利用現代分子生物學和分子遺傳學在基因水平上，直接的生活問題和缺陷，存在的基因檢測遺傳結構的表達功能是否異常，這使診斷的疾病（癌症）或人類狀態。

基因診斷的實驗技術和檢測方法：通過免疫組化的蛋白水平，免疫印跡凝膠電泳，PCR，PCR-SSCP，在DNA水平上的序列分析，原位雜交，南現代雜交凝膠電泳，RT-PCR，原位雜交，Northern雜交，在RNA水平等。

分子生物學，基因診斷肺癌肺癌的發生和發展是一個遺傳易感因素占重要地位，涉及一系列基因（癌基因異常變化的復雜的過程和/或腫瘤抑制基因）。在正常細胞對腫瘤細胞的惡性轉化過程的啟動階段，促進階段進度的演變階段，都涉及到激活的癌基因突變，擴增和過度表達;失活的腫瘤抑制基因的功能障礙（主要是損失住方式的缺失，點突變和甲基化），有些茫然的染色體片段，導致細胞動力學的正常發展周期紊亂，細胞增殖失控無限增長的癌症的形成和惡性轉化。分子事件的發展，肺癌的基因進行檢測和分析，特別是對抑癌基因p16，Rb的研究可以建立一個理想的早期診斷肺癌的分子生物學檢測指標。

①癌基因

與肺癌基因myc基因家族（C-myc和N-??myc和L-myc基因），ras基因家族（K-ras基因，H- ras基因，N-ras基因）和Her-2/neu的基因，簡單的突變基因在腫瘤的形成過程中的模板是佔主導地位的癌基因，突變蛋白可以啟動細胞增殖信號，引起細胞無限繁殖。
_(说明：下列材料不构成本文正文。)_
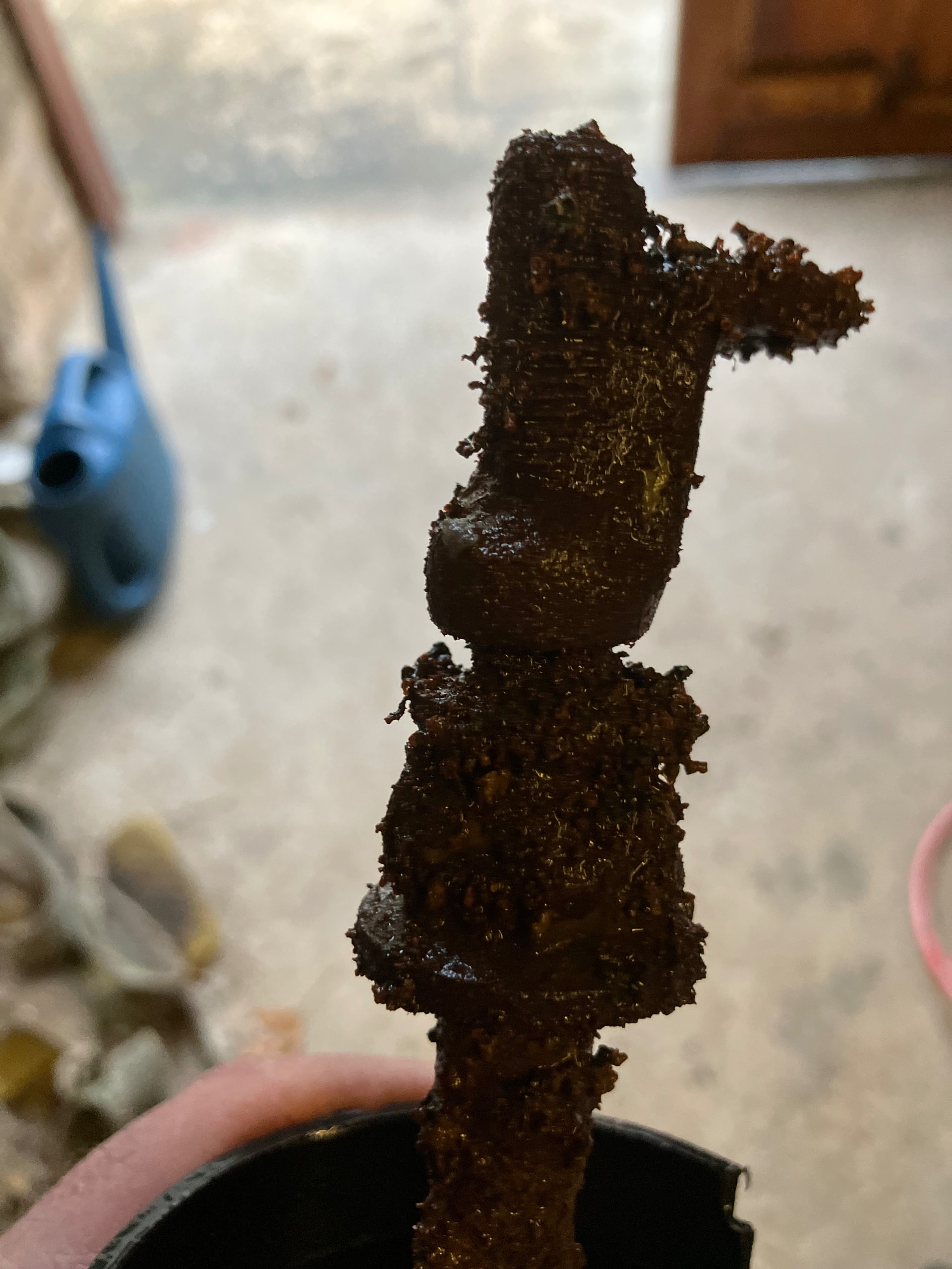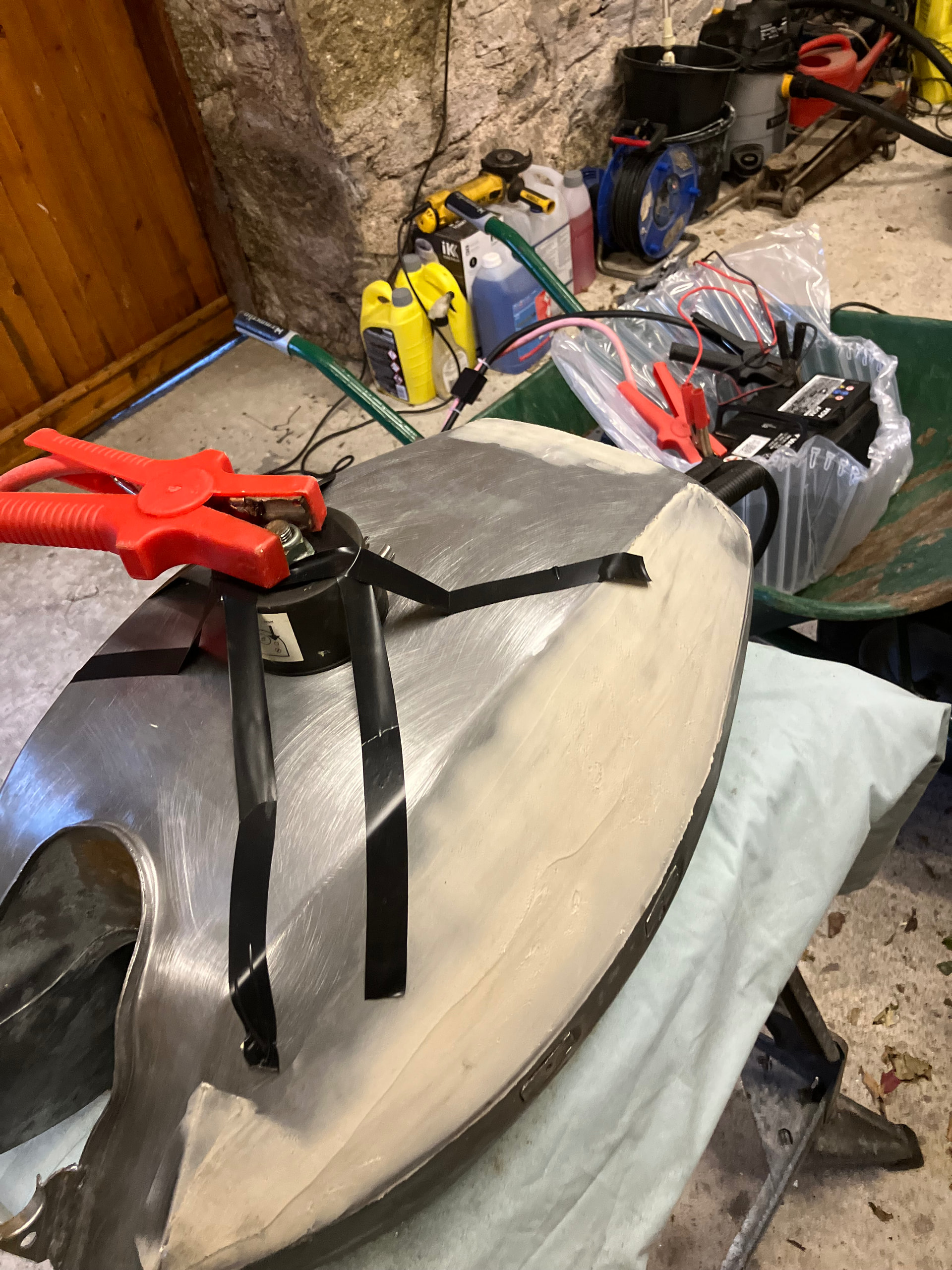 Picture is of the second day’s rust collection. The first day was considerably worse, but I didn’t have a camera to hand. The anode is two bolts welded head to head together along with a bit of a ring spanner end to enlarge the area. The anode extends 12 cm into the full tank of water/sodium carbonate mixture. The cap is an old water thermostat cap that snugly fits over the petrol cap orifice and even has the correct sized cut away to fit over the fuel cap mounting.

Myc家族幾乎所有的小細胞肺癌和非小細胞肺癌的發生; ras基因家族基因突變與預後不良相關，密碼子的突變在特定部位的活動。產品p21和細胞生長的G蛋白通過不斷的有絲分裂信號，導致細胞增殖不斷ras基因突變的肺癌患者高於無變異生存期縮短;特異性HER-2/neu基因編碼的酪氨酸激酶跨膜電位P185中p185蛋白表達在非小細胞肺癌，啟動細胞的生長和分化更糟糕的信號，細胞分化，陽性率較高的中p185高表達的基因的侵襲和轉移的肺癌和多重耐葯性的基因（特別是肺腺癌）。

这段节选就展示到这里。